There are at least two situations where this distinction is an issue: 


1. When an HTTP server sends a 206 (Partial Content) response, as 
defined in HTTP/1.1. The client may form its view of an 
instance (e.g., an HTML document) by combining a cache entry 
with the partial content in the message. 


2. When an HTTP server uses a "delta encoding", as proposed ina 
separate document [9]. A delta encoding represents the changes 
between the current instance of a resource and a previous 
instance, and is an efficient way of reducing the bandwidth 
required for cache updates. The client forms its view of an 
instance by applying the delta in the message to one of its 
cache entries. 


We include these two kinds of transformations in a potentially 
broader category we call "instance manipulations." 

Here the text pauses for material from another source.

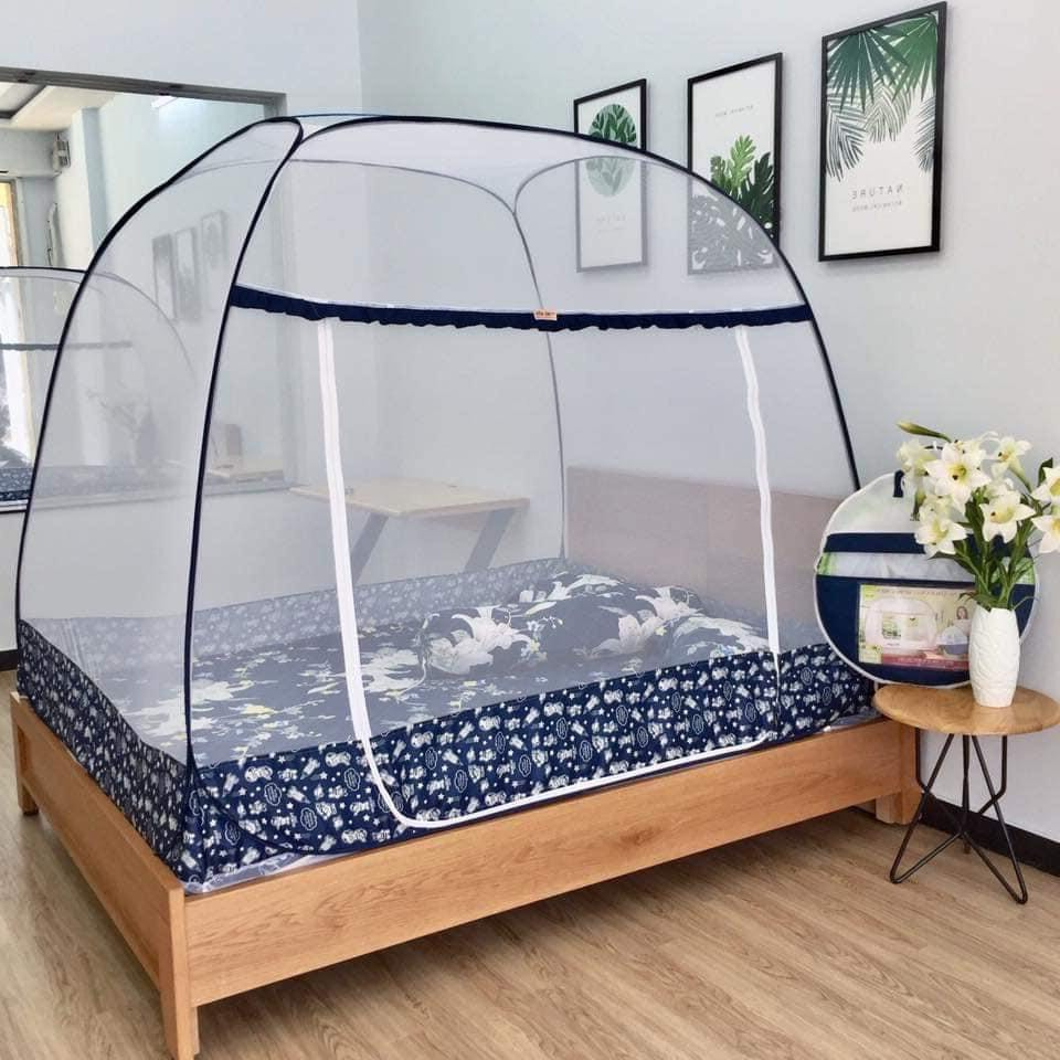 Kiểu dáng: Đỉnh rộng, có 2 cửa ra vào, có viền chân là từ vải nylon thay vì lưới mùng ( giúp bảo vệ 100% khi để tay chân chạm sát mùng)

In each of these cases, the server might use a Content-MD5 header to 
protect the integrity of the response message. However, because the 
MIC in a Content-MD5 header field applies only to the entity in that 
message, and not to the entire instance being reassembled, it cannot 
protect against errors due to data corruption (e.g., of cache 
entries), programming errors (e.g., improper application of a partial 
content or delta), certain malicious attacks [9], or corruption of 
certain HTTP headers in transit. 


Thus, the Content-MD5 header, while useful and sufficient in many 
cases, is not sufficient for verifying instance integrity in all uses 
of HTTP. 


The Digest Authentication mechanism [5] provides (in addition to its 
other goals) a message-digest function similar to Content-MD5, except 
that it includes certain header fields. Like Content-MD5, it covers 
a specific message, not an entire instance. 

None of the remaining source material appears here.